Talbot 2: Return to the City

Talbot's another returning protagonist, one from a fan mission for the original Thief called Prowler of the Dark. In Return to the City he has to make it through heavily patrolled streets full of guards wearing helmets, which means they can't be blackjacked – a nod to realism that stymies my preferred playstyle of piling everyone in a corner then exploring in safety. The ultimate goal is to steal explosives from a Builder workshop. The Dark Mod's object manipulation means you can grab things with a right click, then centre-click to spin them round. Return to the City makes clever use of that once you find the explosives and need to squeeze them out of a barred cell.

Tears of St. Lucia

A couple of missions come pre-installed with The Dark Mod, including a Training Mission that's both tutorial and a decent set of challenges to play around with. Tears of St. Lucia is a full-fledged story though, depicting another break-in at a Builder temple. There's some nice world-building, with posters stuck on walls that refer to characters and events from other missions. That's common to Dark Mod levels – friendly references to the community's other work that connects them and contributes toward the sense of a larger world, as well as connections between creators. There are no Keepers or characters like Viktoria, but The Dark Mod's setting has grown into its own thing, in spite of borrowing a lot from Thief before filing off any incriminating owner's marks.

The Creeps

I've saved my favourite for last. The Creeps is another horror level and another small one, so I won't say too much to spoil it except to say that it does a clever thing with lights that gave me a start. Another thing I like about The Creeps is that it has a voiced protagonist who mutters a few lines at relevant points. Something I miss from Thief is Garrett's cynical commentary, musing to himself about whether the books in someone's fancy library even have words or are just for show. Much as I like The Dark Mod it is missing Garrett and the sense of continuity his story gave those games – when I finish a mission in The Dark Mod there's usually just a stats screen waiting at the end, and an unconnected mission in my download queue.

The Dark Mod's flaws are few though. I've encountered a handful of bugs, and I'm not a big fan of the lockpicking minigame – all about listening to a series of clicks and a clunk, finding the precise moment of silence between them to let go of the mouse.

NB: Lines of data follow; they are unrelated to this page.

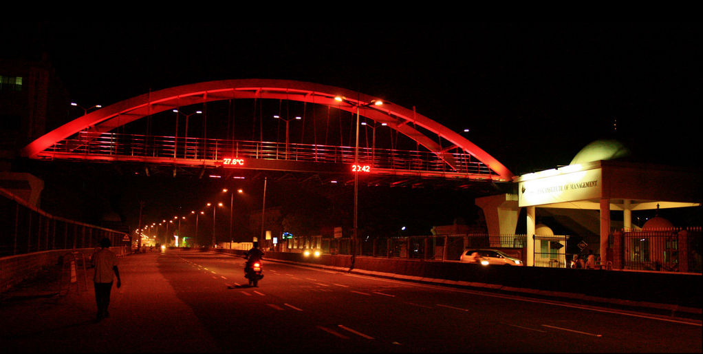 PSG tech
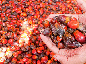 CIFOR's analysis of global forest trends is helping stakeholders manage the impact of trade and investment on forests and forest-dependent communities.
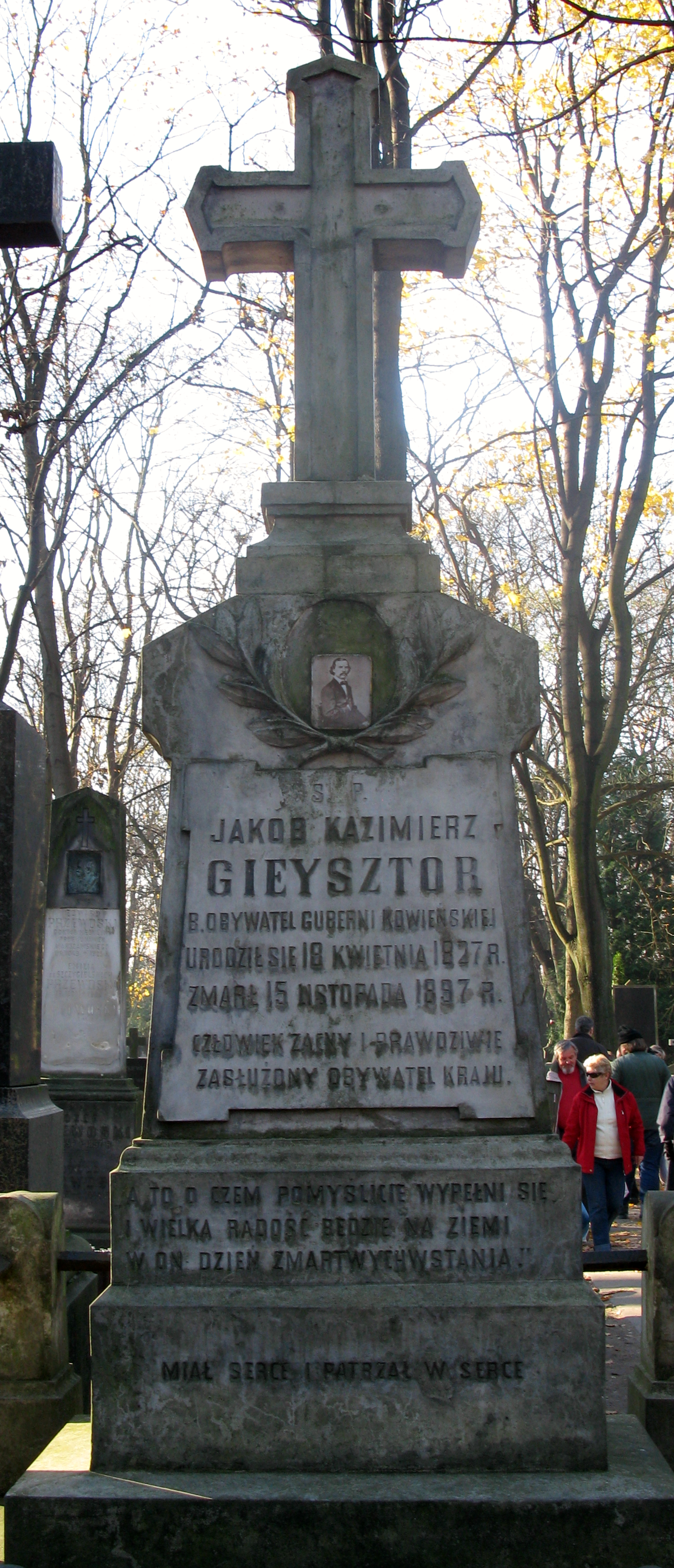 Tomb effigy of Jakun Gieysztor
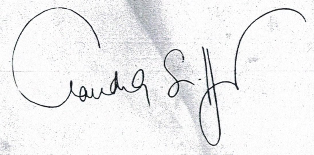 Claudia Schiffer signature
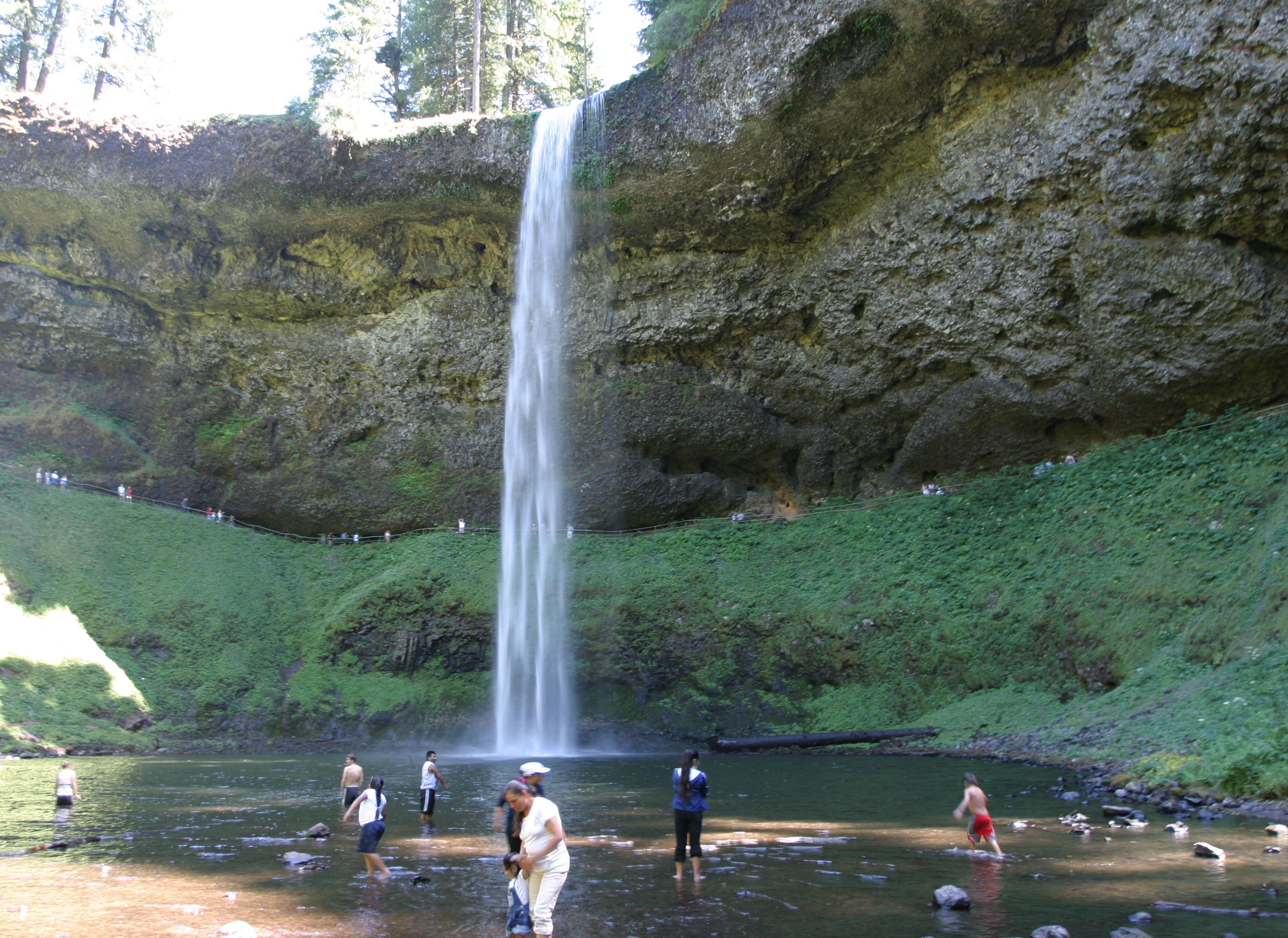 South Falls in Silver Falls State Park, Oregon
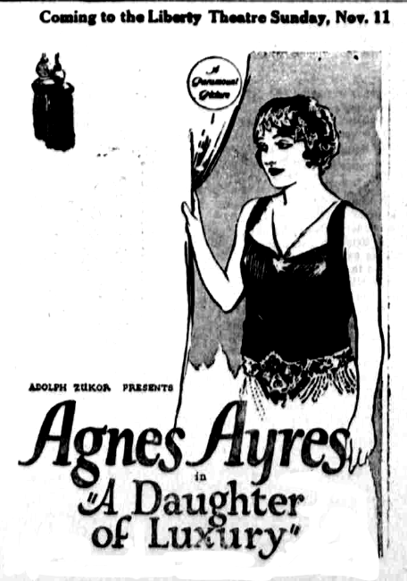 Newspaper advertisement for the American comedy film A Daughter of Luxury (1922) with Agnes Ayres.
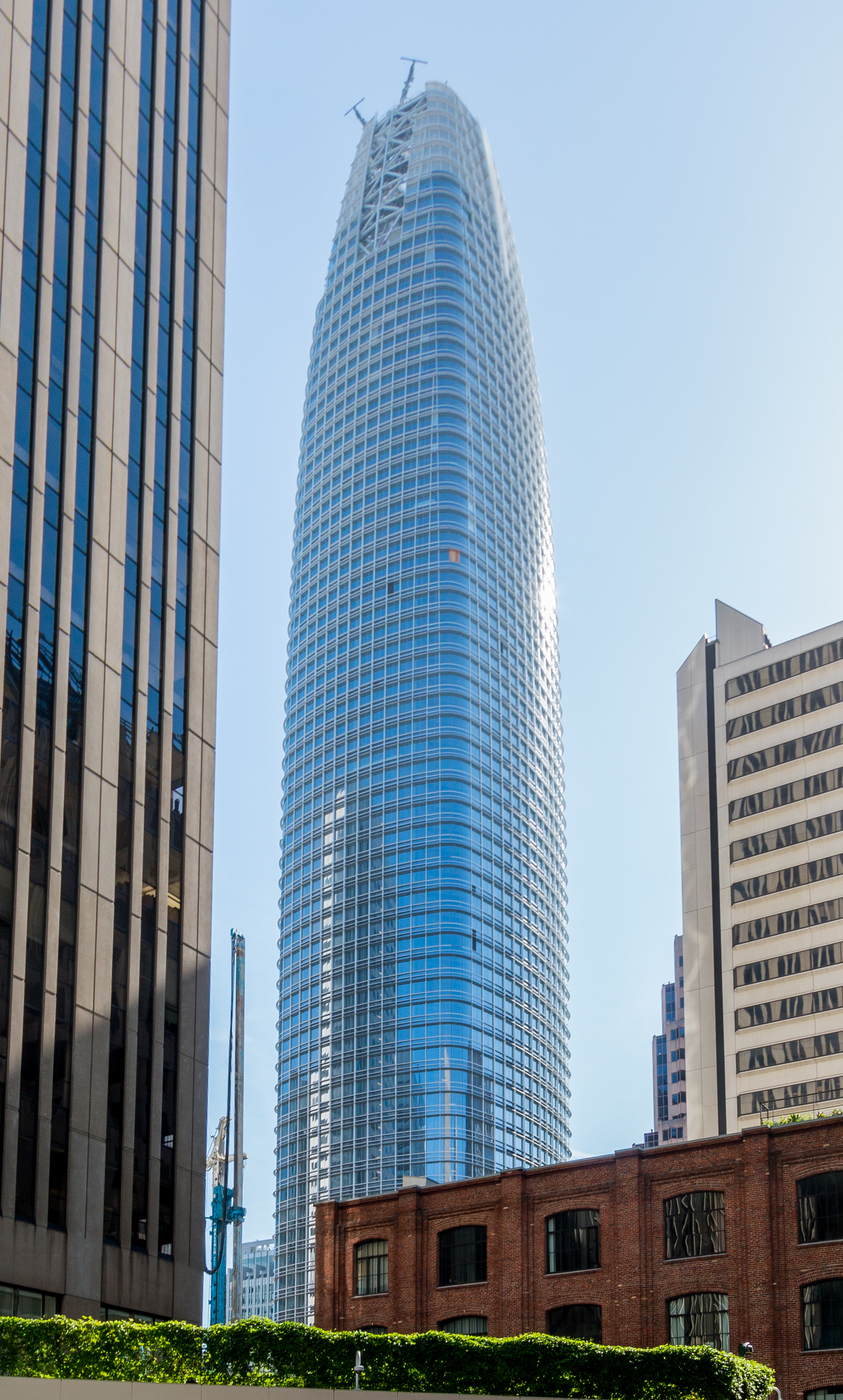 An image of Salesforce Tower under construction in San Francisco in late 2017
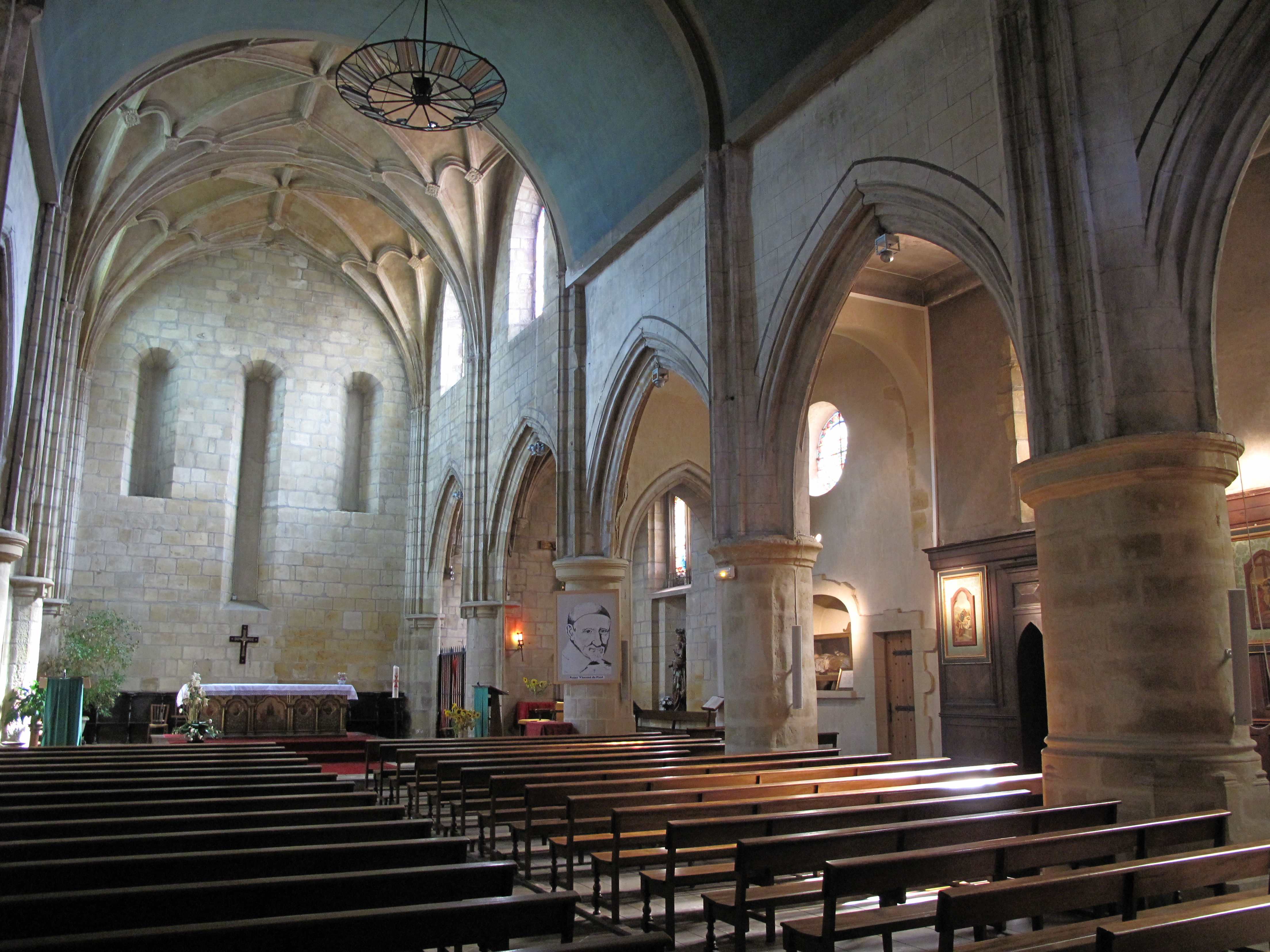 Interior of the church of Holy-Spirit in Bayonne, Pyrénées Atlantiques, France

Still, The Dark Mod is a better homage to the Thief trilogy than the official 2014 release and I wouldn't hesitate to recommend it over that. This is a game that understands the pleasure of waiting in shadows for someone to walk past, that has no boss fights or scripted events that jarringly move you into position for a cutscene.

The Dark Mod's a living thing too. New missions are still being made, with three new additions already this year. It made it through Steam Greenlight in March, and will come to Steam at some point. There's no reason to wait though, there's plenty to be getting on with already and those scepters and gemstones aren't going to steal themselves.